Effects of the Invention According to the present invention, there is a local transmitting station that is installed at a predetermined point and transmits local radio waves to a small area with a radius of 200 meters or less, and a Loran C receiver that receives Loran C signal radio waves and detects the current position. machine, a local radio wave receiver,
When the local radio wave receiver receives the local radio wave, the location of the local transmitting station and the Loran C receiver (':
A correction means that calculates the difference between the current positions output by the five aircraft as a correction value, and then performs position correction by adding the correction value to the current position output by the Loran receiver, and 2 based on the position signal output by the correction means. There is provided a navigation system for a car, comprising an in-vehicle navigation device having a position detection display means for displaying the current position of the car on a screen, and thereby automatically correcting detection errors depending on the region. Since the corrected value is constantly updated to the optimum value by passing near the local transmitting station, the current position of the vehicle can always be accurately known.

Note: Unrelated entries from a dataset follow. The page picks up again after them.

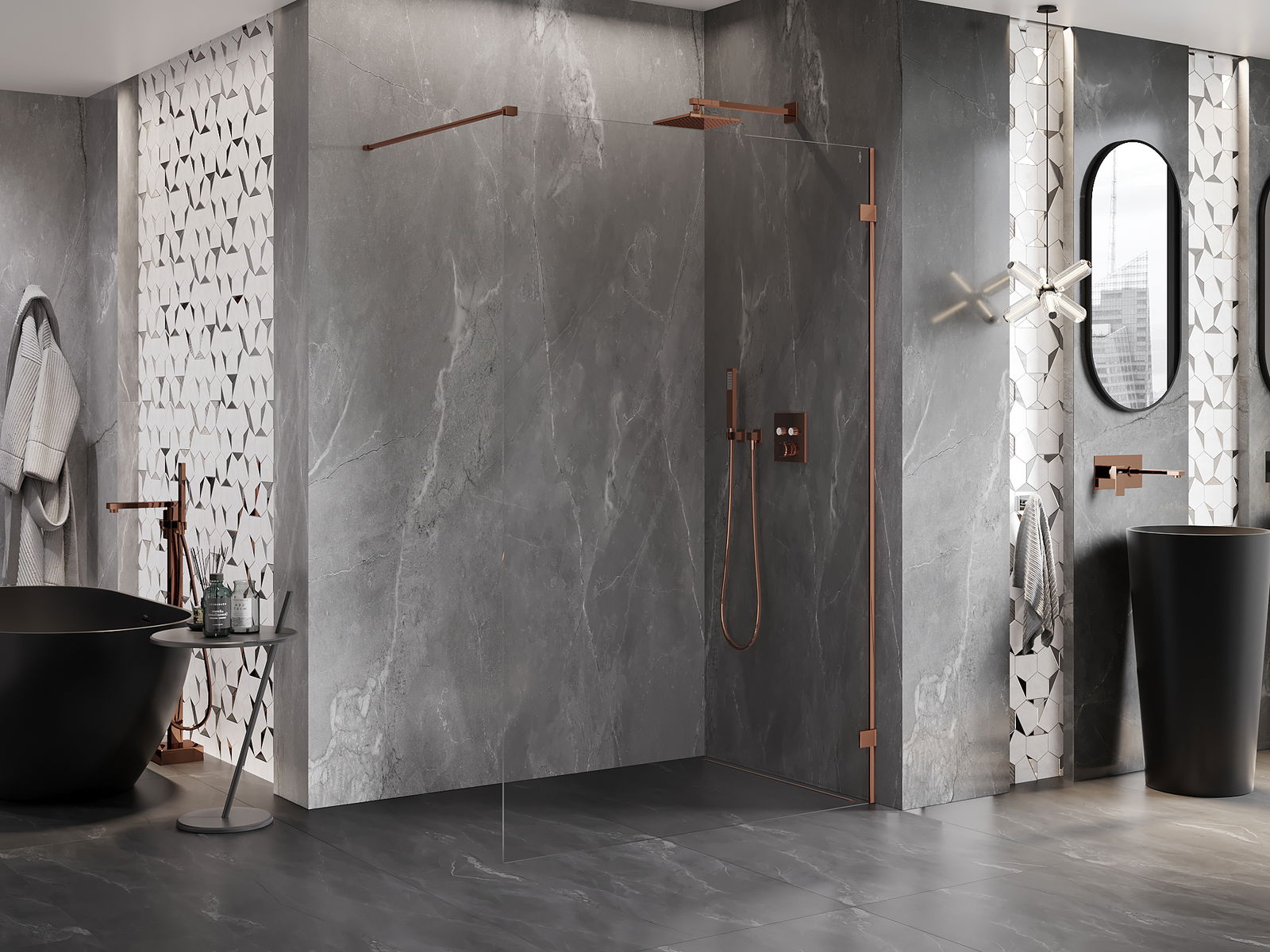 Скобите са изработени от много здрав месинг и създават изравнена повърхност на стъклото. Това е отличен избор, който съчетава елегантност, издръжливост и модерен дизайн. Благодарение на тези решения душът получава естетическа стойност и същевременно улеснява поддържането на чистота.
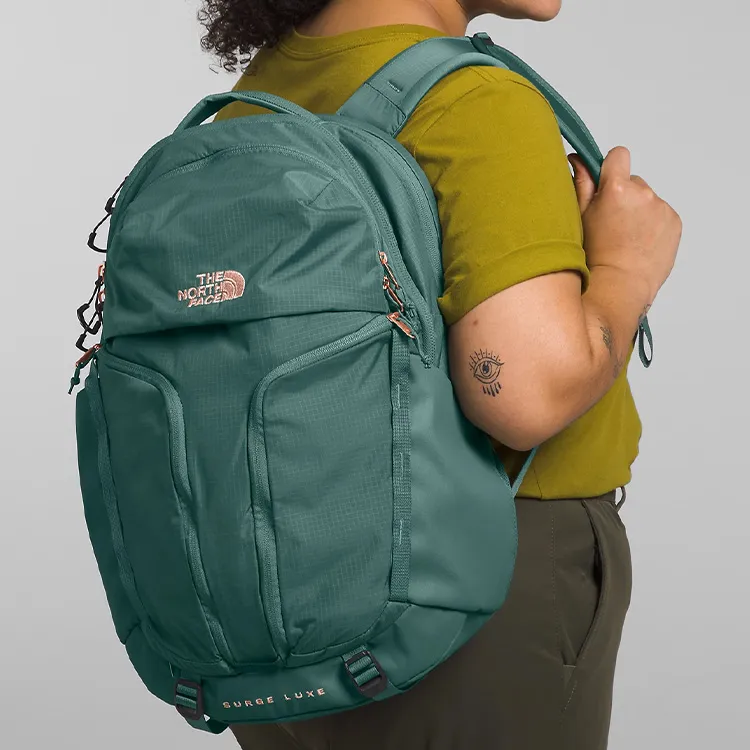 The North Face 31L Рюкзак Двойной Плечо На открытом воздухе Сумка Переработанный нейлон Deep Шалфейный Темный Коралловый Металлик Женские
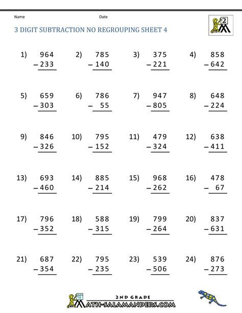 Gallery of Subtracting Two Or Three Numbers Worksheets
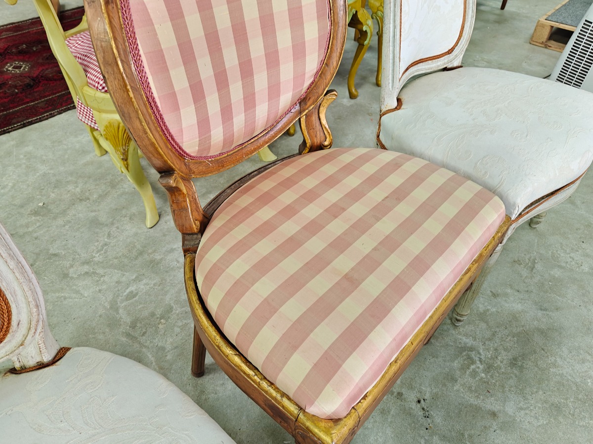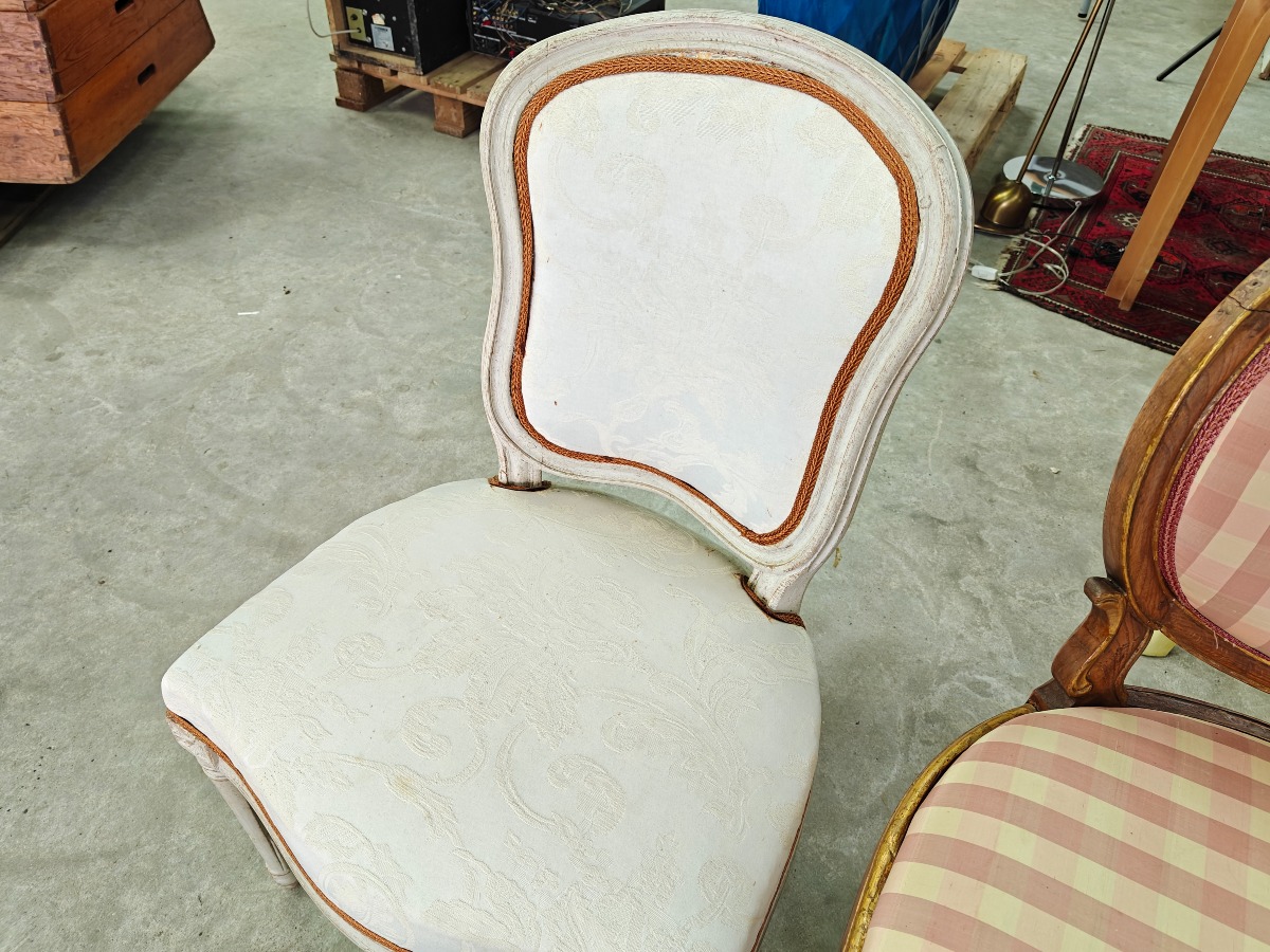 Gustaviansk stil 3 stole. 2 hvidmalede og med lys montering. 1 med delvist forgyldt stel og monteret med terne taft.

[Brief explanation of the drawing]

FIG. 1 is a block diagram of an automobile navigation system according to an embodiment of the present invention, FIG. 2 is a conceptual diagram explaining the principle of calculating correction values, FIG. 3 is a map showing an example of installation between local transmissions, and FIG. The figure is a waveform diagram showing the received waveform of the Loran C signal radio wave, Figure 5 is a graph showing the relationship between the noise level and the radius of the area figure, and Figure 6 is a schematic diagram showing the position and size of the area figure on a two-dimensional screen. , FIG. 7 is a conceptual diagram of a large number of stored maps. (Explanation of symbols) l... Local transmitting station 2... Loran C receiver 3... Local receiver 4... Correction circuit 5...
・Map selection circuit 6...Map memory 7...
Area figure generation circuit 8...Image display screen lO...
In-vehicle navigation device 11...Automobile navigation system M...Map A...Area figure size...Correction vector P...Local transmitting station installation point Q...Detected position by Loran C signal. Applicant Daihatsu Motor Co., Ltd. Agent Patent Attorney Takeshi Honsho Figure 5 Figure 3 LOl-”

Claims (1)

[Claims] 1. (a) A local transmitting station that is installed at a predetermined point and transmits local radio waves to a small area with a radius of 200 m or less, and (b) A local transmitting station that receives Loran C signal radio waves and determines the current location. A Loran C receiver to detect, a local radio wave receiver, and when the local radio wave receiver receives local radio waves, correct the difference between the installation position of the local transmitting station and the current position output from the Loran C receiver. a correction means for correcting the position by adding the corrected value to the current position output by the Loran receiver, and displaying the current position of the car on a secondary screen based on the position signal output from the correction means. 1. A navigation system for an automobile, comprising an on-vehicle navigation device having a position detection and display means.